Eu gosto de pessoas que são involuntariamente fofas. Como meu vizinho, um senhor grisalho que quando cumprimenta te olha nos olhos, pergunta como está e espera de verdade a resposta. Vez ou outra elogia, sempre com respeito e sinceridade. Aliás, a primeira vez que notei seu dom de ser fofo foi assim: quando saía de casa, ele dizia à minha faxineira que ela estava bonita com aquela roupa e que era sempre muito simpática. Nunca tinha visto uma pessoa negra ficar avermelhada, mas adorei o sorriso sem graça e orgulhoso que ela não conseguiu esconder. Desde então, sempre que encontro com ele de manhã, sei que é o início de um bom dia.
Nessa última vez, segurei a porta do elevador enquanto ele se despedia da esposa. Ele agradeceu e emendou algum comentário sobre o início da semana – sem saber que eu estou desempregada e os dias agora têm o mesmo peso. Apertou o botão para descer, conferiu se tinha tudo de importante em mãos e não disse muita coisa, mas sorriu. E antes de sair pela porta, me deixou seu “Que você tenha um dia feliz”. Sorri de volta e desejei o mesmo, de coração. Agora não era só um bom dia pela frente, mas sim aquele dia: feliz.

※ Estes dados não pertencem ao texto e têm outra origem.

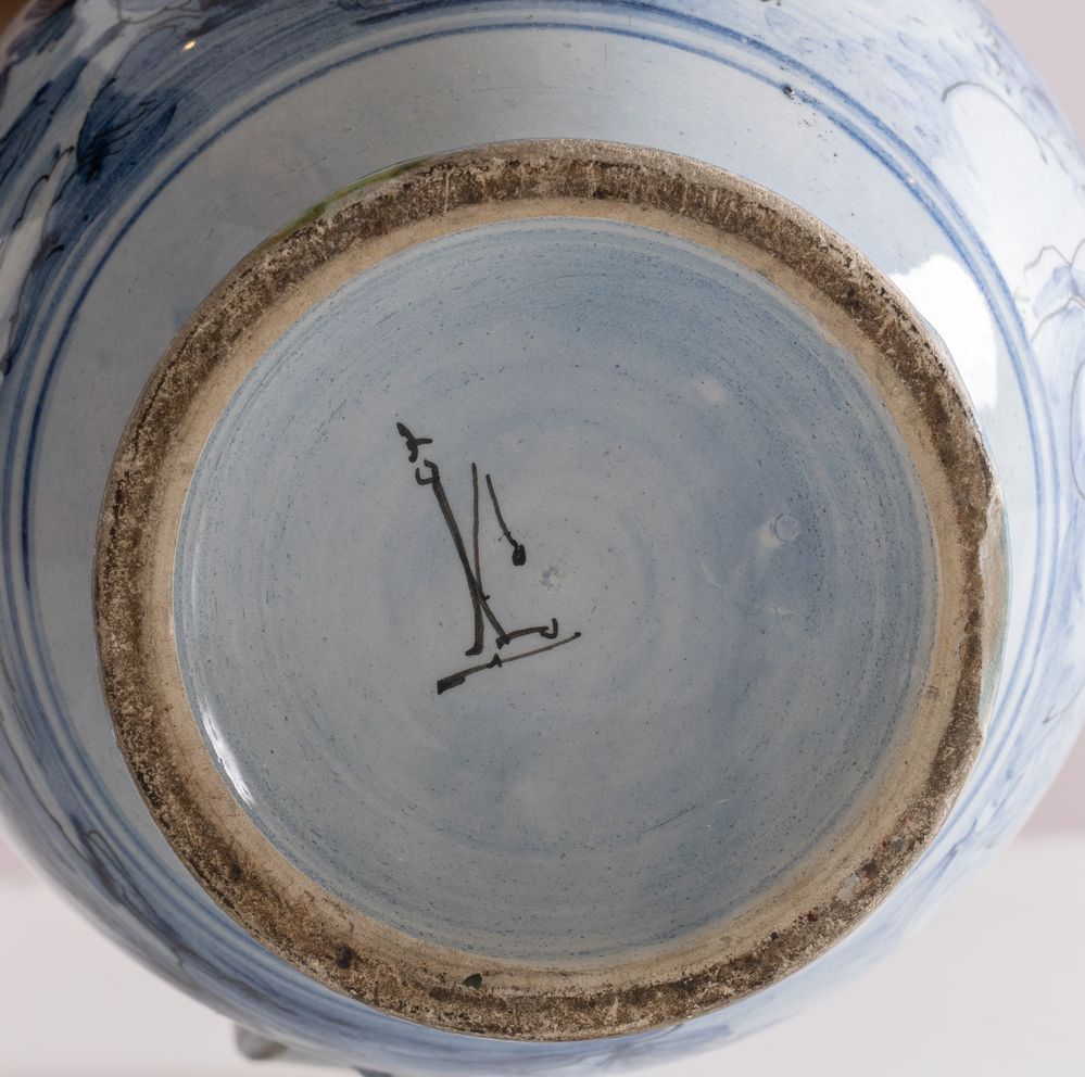 MANIFATTURA ALBA DOCILIA, Albisola, inizi del XX secolo. Versatoio in maiolica policroma decorato con putti e paesaggio con costruzioni. Al retro reca marchio. Cm 20x21x14. (piccolo restauro sul piede)

quinta-feira, 24 de janeiro de 2008

Feliz festa-surpresa.

Desde que aprendi que não dá para ser boazinha sempre, passei a me surpreender muito mais com a bondade das outras pessoas. Até com as mais próximas.
Saí da aula de dança um pouco impaciente com a chatice alheia, mas no caminho de casa resolvi deixar o assunto de lado e aproveitar o final do dia. Que fosse só vendo TV com o Fá e já estava ótimo para os meus planos de aniversário nada pretensiosos.

Entrei em casa esperando só a minha casa e um Fá de sempre no sofá novo. Mas dei de cara com a mesa afastada, sanduíches de metro e, antes que eu raciocinasse melhor, uma multidão (pelo tamanho do apartamento parecia mesmo) de pessoas queridas cantando parabéns.

Pasmei. Minha primeira festa-surpresa. Todas aquelas pessoas fora de casa, em plena segunda-feira, mais de 10 horas da noite, só para me fazer feliz (e ver minha cara de tonta, claro). Isso é muita coisa em tempos que se dá parabéns pelo orkut.

Fofos, um por um.

Demorei para dormir repassando a festinha na cabeça. Carinho nas costas do Fá o máximo que agüentei, até doer o braço. E ainda acho que foi pouco.